Sur les scènes in luxembourgeoises, on ne le voit que sporadiquement, la dernière fois en 1994/95, pour les Goldberg-Variationen de George Tabori, qu'il avait mis en scène et joué au Capucins. Suivirent quelques projets de mise en scène « atypiques » disons : D'Klëppele bei d'Trom de Alain Atten et le musical Smalltime de Gast Waltzing et Maggie Parke (1995), tous les deux au « grand » théâtre municipal, puis cette saison, Léiwer eng Käerz am Häerz wéi eng Bir op der Stir de Guy Rewenig avec la troupe de cabaret du Peffermill(ch)en au Théâtre des Casemattes.
À Stuttgart, avec les étudiants, il a monté Titus Andronicus de Shakespeare en automne dernier, parce que « je n'ai pas vu de possibilité de faire une comédie légère alors que la guerre du Kosovo venait de nous rappeler la barbarie dont nous sommes capables. » Deux jeunes actrices luxembourgeoises y ont participé, Claude Dedemo et Brigitte Urhausen, toutes les deux en première année, dans les pas donc de Luc Feit et Steve Karier, qui ont également « fait Stuttgart ».
Sa préférence va-t-elle à la mise en scène ou au jeu ? Un moment de réflexion, le temps d'allumer une cigarette, puis, avec sa belle voix grave : « la mise en scène, sans aucun doute ». Déjà durant la formation, « mais je voulais néanmoins jouer pour savoir ce que cela représente, pour savoir ce qu'on peut demander à un acteur. »
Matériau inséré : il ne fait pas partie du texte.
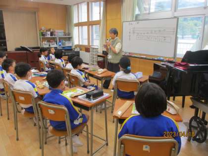 4月18日(火) 3年生 音楽科 リコーダーデビュー! 公開日 2023/04/19 更新日 2023/04/19 3年生の部屋 3年生の音楽では、初めてリコーダーにふれました。自由に音を出し、気付いたことを発表し合っていました。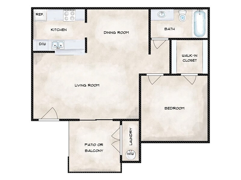 A1 - Floorplan 1 Apartment Unit: AUCMHEApartment Model: A1$9991 Bedroom, 1 Bath, 659 sq ftAvailable NowFloorplan A1R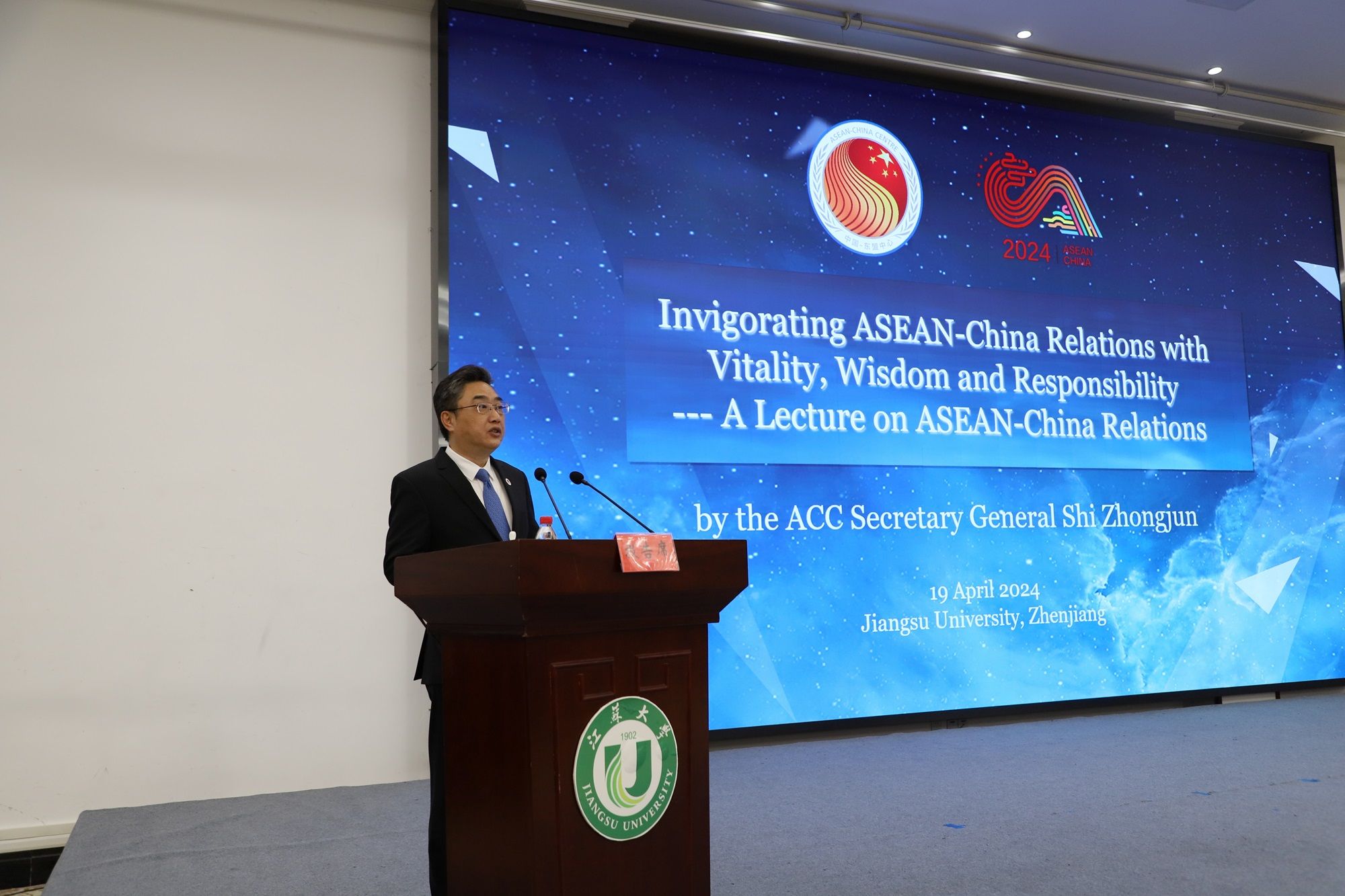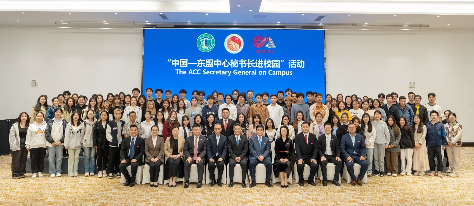 4月19日下午,“中國—東盟中心秘書長進校園”活動在青教公寓三江廳舉行。史忠俊,校黨委書記李洪波,校全球發展與安全研究院理事長徐步,中國—東盟中心綜合協調部主任孫毅、新聞公關部副主任王妍、新聞公關部官員張尚武,學校國際處、海外教育學院有關領導出席活動,近兩百名中國和東盟國家師生代表參加活動。活動由副校長蔡英鳳主持。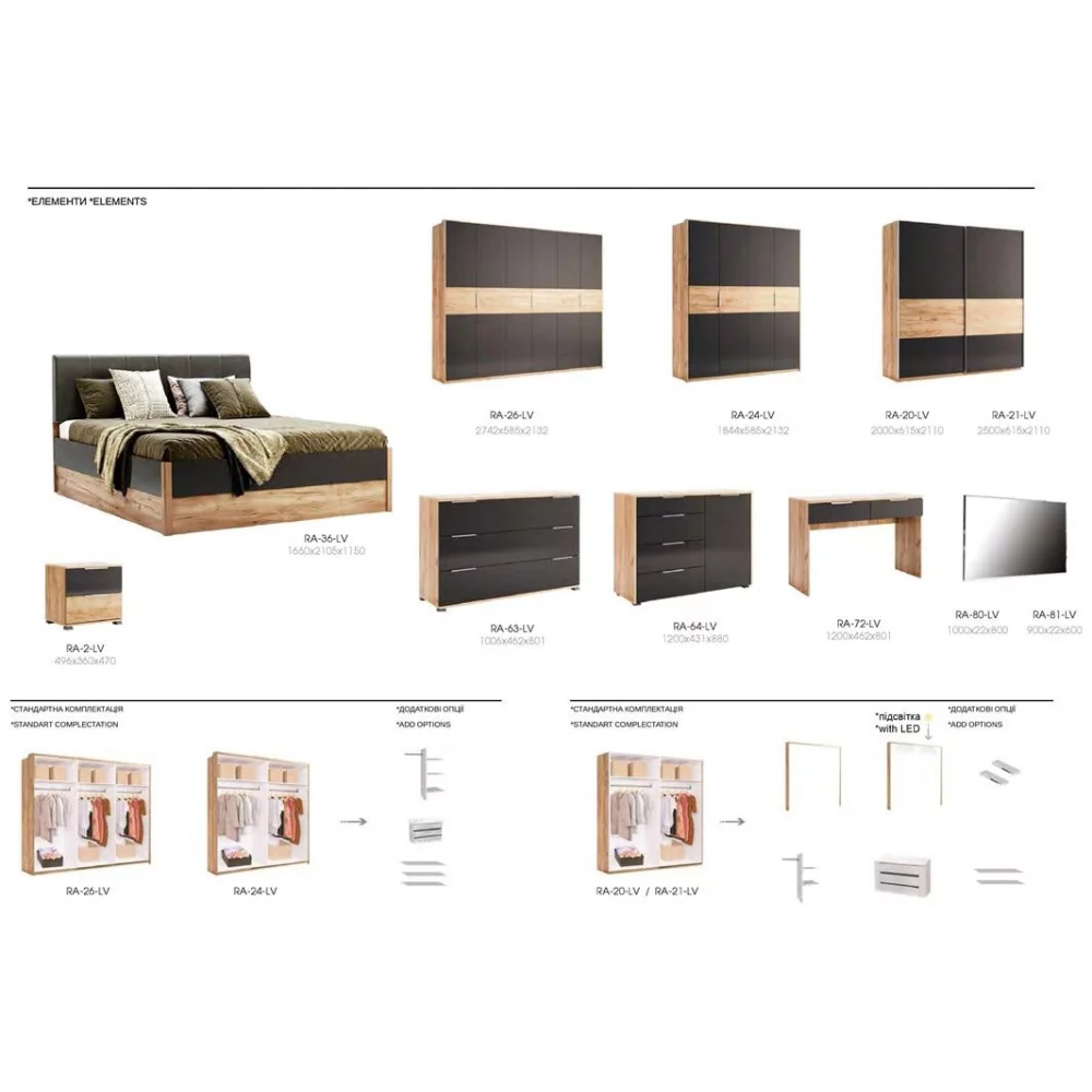 За дополнительную плату двуспальная кровать 'Рамона' может комплектоваться ящиком для белья. .Цена указана без ламелей и матраца.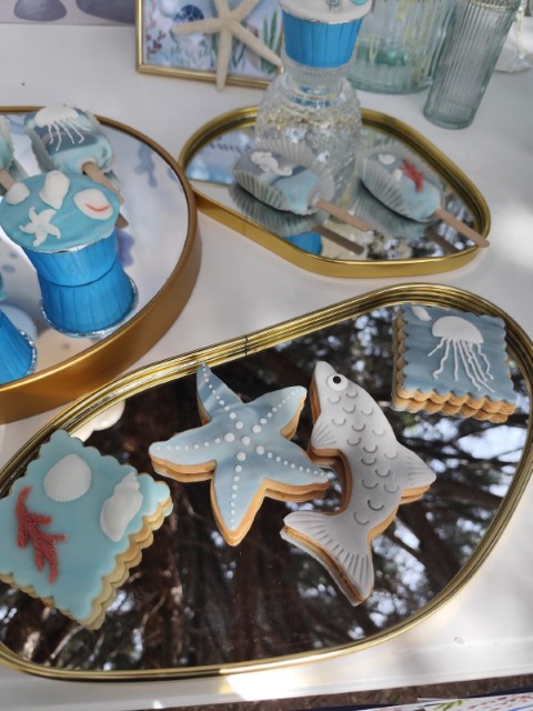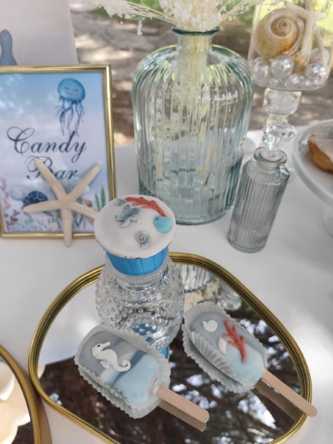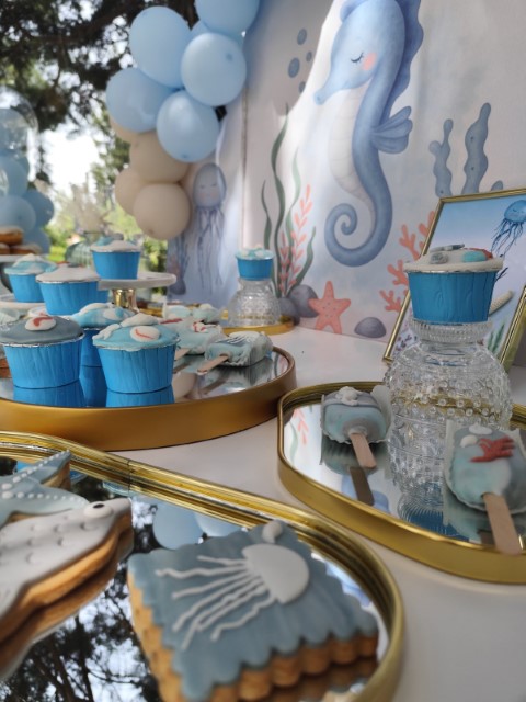 Ένα ταξίδι στον μαγευτικό κόσμο του βυθού δίνει έμπνευση σ' έναν ξεχωριστό στολισμό βάπτισης. Αποχρώσεις του σιέλ συνδυάζονται αρμονικά με χαριτωμένα θαλάσσια ζωάκια, δημιουργώντας ένα δροσερό και ονειρικό σκηνικό. Ανάλαφρες υφές και προσεγμένες λεπτομέρειες ολοκληρώνουν ένα καλαίσθητο concept που αποπνέει φαντασία και παιδική αθωότητα.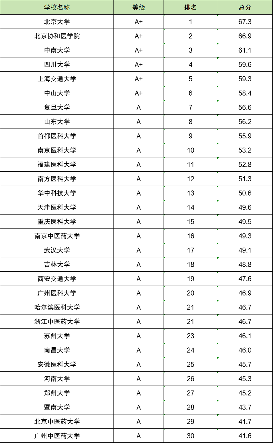 不过由于护理学专业本科大学数量较多,参与了排名的院校共有155所,所以本文只能从中选取排名前30强的院校名单,供大家参考。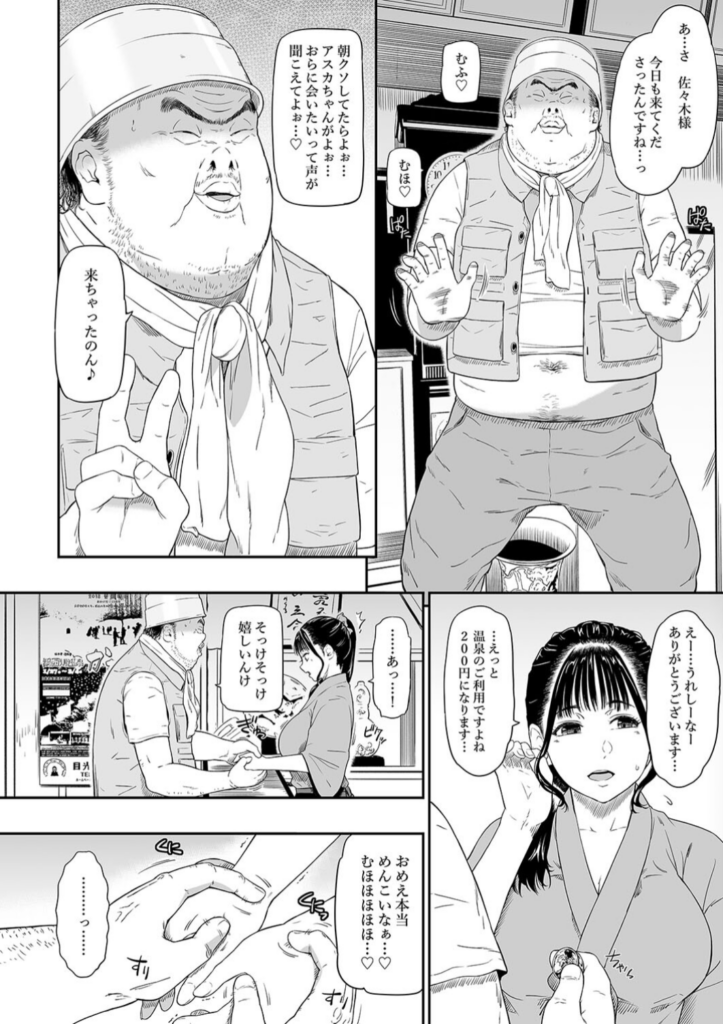 サダヨシは地元の温泉組合の2代目理事を務めている地主の一人。癖の強い風貌はマサモリと違い年相応の身なりをしているが、ヒメを見る目線は明らかに怪しげで…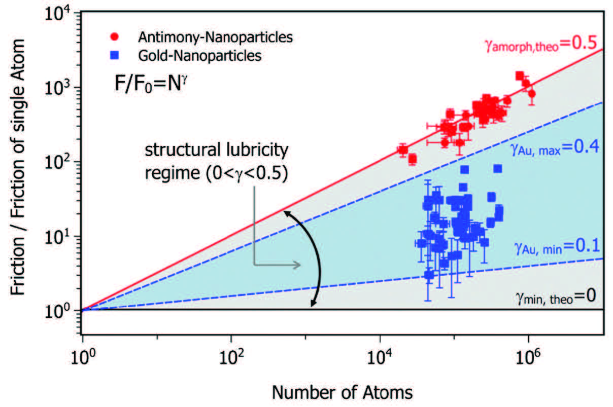 Figure 4. Nanoscale gold and antimony islands sliding over a graphite surface under ultrahigh vacuum exhibited a sub-linear relationship between normalized friction values and the number of atoms in contact. Reprinted figure with permission from Dietzel, D., Feldmann, M., Schwarz, U. D., Fuchs, H. and Schirmeisen. A. (2013), “Scaling laws of structural lubricity,” Physical Review Letters, 111 (23), 235502, https://doi.org/10.1103/PhysRevLett.111.235502. Copyright 2026 by the American Physical Society.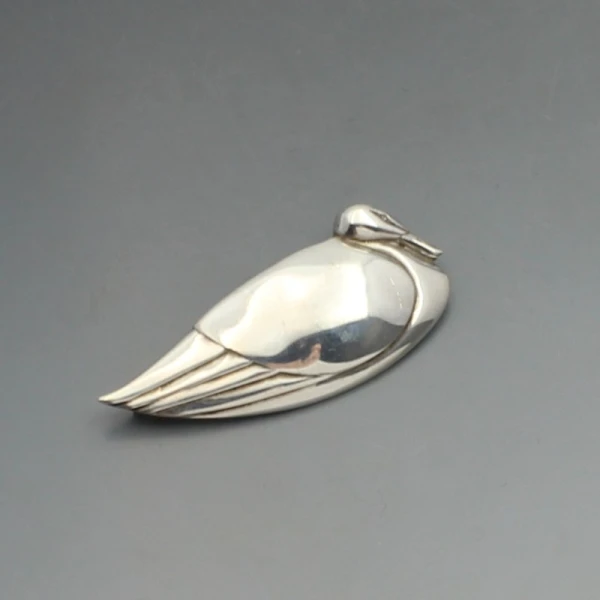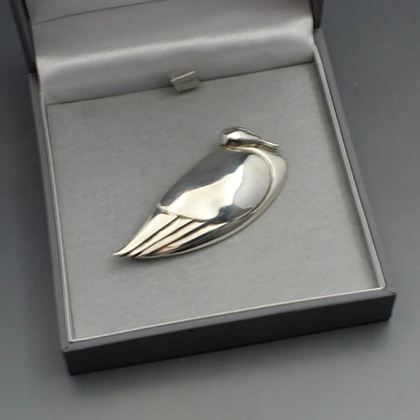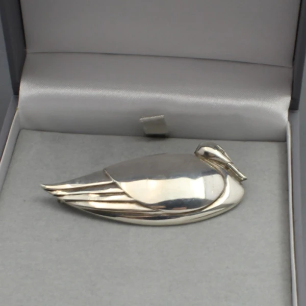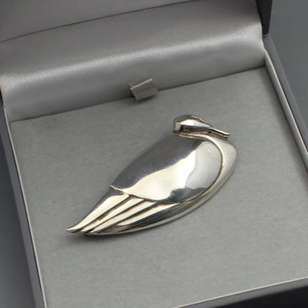 Beautiful rare vintage Graham Leishman Stewart sterling silver swan brooch. The brooch measures approximately 5.8 x 2.6 cm and has a silver pin and rollover C clasp closure to the rear. Weight is 14 grams. The brooch is signed with makers marks "GLS" and has silver hallmarks for Edinburgh 1989 on the rear. It iis in very good condition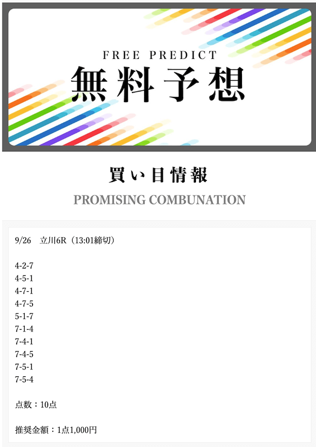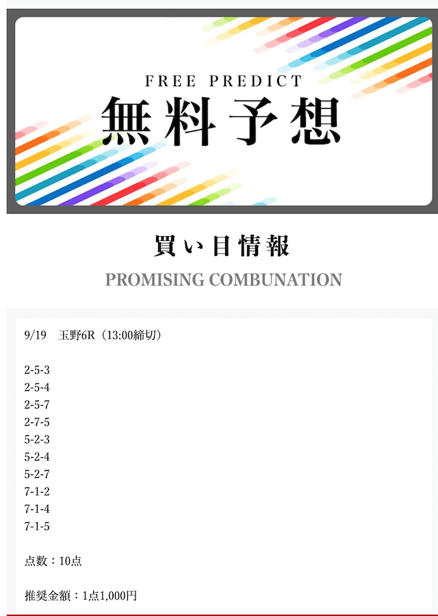 - 2025/09/12的中無料予想で77,700円獲得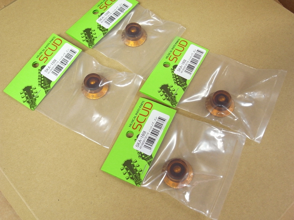 ■【新品・4個組】SKA-160I・SCUD・ハットノブ・アンバー・インチ規格・エンボス文字・レスポール・エレキギター・ギブソン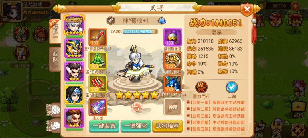 第四阶段 五子 五虎 五谋 推荐阵容依然不变,白马先手冰龙控就能打过 荀攸 曹操 甄姬 张辽 乐进或典韦,这套阵容优点就是省资源,都是常见武将 其中荀攸特别容易获得,5星被动30%智力前期推周快,主动技能40%武力也是一个不错的辅助。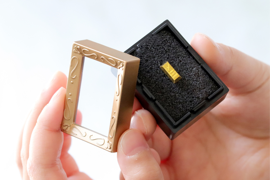 金の持つ魅力「色や光沢、重さ」を感じることことが出来ます。

Charles Muller a le coeur sur la main. « C'est l'amour des hommes qui me pousse à faire mon métier, » avance-t-il et qu'il se compterait plutôt parmi la catégorie des metteurs en scène qui privilégient le texte. « Je me suis toujours engagé pour un concept de théâtre sensuel plutôt que visuel, pour moi, le texte compte toujours plus que les images. » Lorsqu'il prépare une mise en scène, il choisit d'abord un texte, le décortique, le désarçonne, l'analyse, avant d'attaquer le travail de réalisation à proprement parler. Toujours à la recherche d'une réponse à la question fondamentale : « Qu'est-ce qui motive les gens à faire aux autres ce qu'ils leur font ? ».